# `Pdf.Reader.Document`
[🔗](https://github.com/MisaelMa/ExPDF/blob/v1.0.1/lib/pdf/reader/document.ex#L1)

Struct representing an open PDF document in the reader.

Holds the full PDF binary, the merged cross-reference table, the most-recent
trailer dictionary, a lazy object-resolution cache, and memoized page refs.

The struct is immutable — every `Pdf.Reader.*` function that resolves objects
returns an updated copy with a warmer cache. Dropping the updated copy is safe
(correctness is preserved) but re-resolving the same object will incur a
re-parse. Thread the returned doc forward for performance.

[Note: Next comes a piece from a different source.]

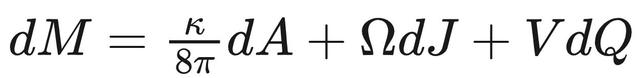 黑洞的热性质1971年,霍金在强能量的条件下,证明了黑洞的面积定理:在经典广义相对论中,一个孤立黑洞的表面积只能增加或保持不变,不能减少。按照这个定理,两个黑洞合并后,新黑洞的表面积要大于两个旧黑洞的表面积之和。 面积定理使贝肯斯坦意识到黑洞表面积具有类似于热力学第二定律的性质,即熵只能增加或保持不变、不能减少。经过进一步的思考,贝肯斯坦得出了黑洞各个参量的关系式。与此同时,斯马尔也独立得出了同样的公式。因此,该公式被称为贝肯斯坦-斯马尔公式,它的表达式为:

Callers do not construct `Document` directly; obtain one via `Pdf.Reader.open/1`.

## Cache key conventions

The `:cache` field is a plain `%{}` map. Keys used by reader subsystems:

- `{n, g}` — resolved object with xref ref `(n, g)` (used by `ObjectResolver`)
- `{:font_decoder, {n, g}}` — cached decoder closure for the font at ref `(n, g)`,
  built by `Pdf.Reader.Font.build_decoder/2`. Present only for fonts accessed via
  an indirect reference. Inline font dicts (embedded literally in a resources dict)
  are NOT cached — they are rebuilt on every call.
- `{:page_resources, {n, g}}` — resolved `/Resources` map for the leaf page at
  ref `(n, g)`. Written by `Pdf.Reader.resolve_page_resources/4` after the first
  `/Parent`-chain walk for a given page. Subsequent calls for the same page ref
  short-circuit the walk and return the cached map directly. Intermediate ancestor
  nodes are NOT cached — only the leaf page ref is used as the key.

## Recovery mode

When opened with `recover: true`, the struct carries two additional fields:

- `:recover_mode` — `true` when recovery is active; `false` (default) for strict mode.
- `:recovery_log` — a reverse-prepend accumulator of structured recovery event tuples.
  Exposed in chronological (oldest-first) order via `Pdf.Reader.recovery_log/1`.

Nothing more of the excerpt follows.